Another recent study by the Rand Corporation showed that in the arena of mental health, telemedicine visits more than made up for a drop in in-person visits during the pandemic, with treatment of some disorders up 20%. 

“If you make care more convenient, more people get care,” Mehrotra said. 

Whether that is good or bad depends on lots of factors, including who is paying.

In the case of a cold, “if they are paying out of their own pocket to be reassured, more power to them,” Mehrotra said.  “But if we as a society are paying for all those visits, we do worry because a lot of people get colds.” 

Increased utilization could drive up premiums for everyone.

Doctors also may be more likely to prescribe antibiotics via telehealth, boosting costs and potentially promoting antibiotic resistance, suggests a 2022 review in Clinical Infectious Diseases

While research on return visits is mixed, another study, published in 2021 by University of Michigan researchers, found that patients who had their initial visit via telemedicine were significantly more likely to come back for a second visit within a week.

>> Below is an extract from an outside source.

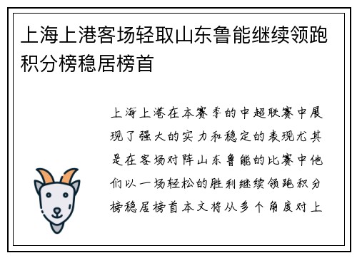 上海上港在本赛季的中超联赛中,展现了强大的实力和稳定的表现,尤其是在客场对阵山东鲁能的比赛中,他们以一场轻松的胜利继续领跑积分榜,稳居榜首。本文将从多个角度对上海上港的这场胜利进行详细分析,探讨他们在比赛中的表现如何帮助他们稳居联赛榜首。首...

The authors said that “potential savings from shifting initial care to a direct-to-consumer telemedicine setting should be balanced against the potential for higher spending on downstream care.”

Worth the Cost?

Mehrotra, a practicing doctor, contends that the question of whether telemedicine saves money is not a fair one.

“When a new drug or procedure or MRI machine comes out, we never say, ‘Does it save money?’” he noted. “Instead, we ask whether the improvement in health we’re observing is worth the cost.”

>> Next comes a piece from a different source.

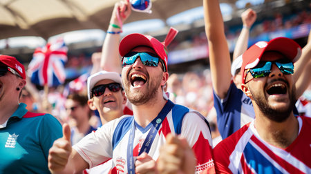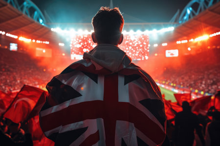 A British fan stands with a Union Jack flag draped over their shoulders, surrounded by a softly blurred crowd, capturing a moment of quiet determination and national pride.

Policymakers must assess how telemedicine affects patients and look specialty by specialty to see if it’s cost-effective.

“For instance, from my research and what I see clinically, I think telemedicine for the treatment of opioid use disorder is a great idea. For telestroke, I’m sold,” he said. “But if we’re talking about telemedicine for colds, I’m not so sure.”

He envisions a system in which visits deemed to be of “lower value” (like that reassuring video call for a cold) might come with a higher co-pay for the patient or a lower reimbursement for the doctor than an in-person version. 

Who is using telemedicine also matters.

Notably, during the pandemic, research found that white patients in urban areas were most likely to use telehealth for outpatient visits, while people in low-income and rural areas and racial minorities used it less, in part due to connectivity issues

Doctors say that addressing those access inequities could go a long way in getting telemedicine to the people who need it most and who will financially benefit from it most.

Priceless Care

For some patients, the benefits are hard to put a price on. Francis Richard, 72, who lived in Mendocino County, CA, took a 2-hour shuttle (one way) to visit a doctor for his late-stage type 2 diabetes and kidney disease. 

“My husband was not tired,” said his wife, Marie. “He was tired of the transportation.” She says wait times for an in-person visit were often weeks or months.

His nephrologist suggested Francis start seeing him via telemedicine.

He’d Zoom in for consults when Francis needed in-person care at a smaller hospital closer to home and was working to set up at-home dialysis.

Often their visits included Marie seated next to Francis in bed at home, holding the phone as the doctor looked him over, asking questions and exchanging the occasional joke.

She never met the man on the screen, Jose Morfin, MD, in person, and her husband met him only once. 

But she considers him family now.

“I wish my husband was still alive and he could tell you this himself,” said Marie, who lost Francis in January.  “But this prolonged his life. They made us feel so supported.”

That kind of care, she said, is priceless.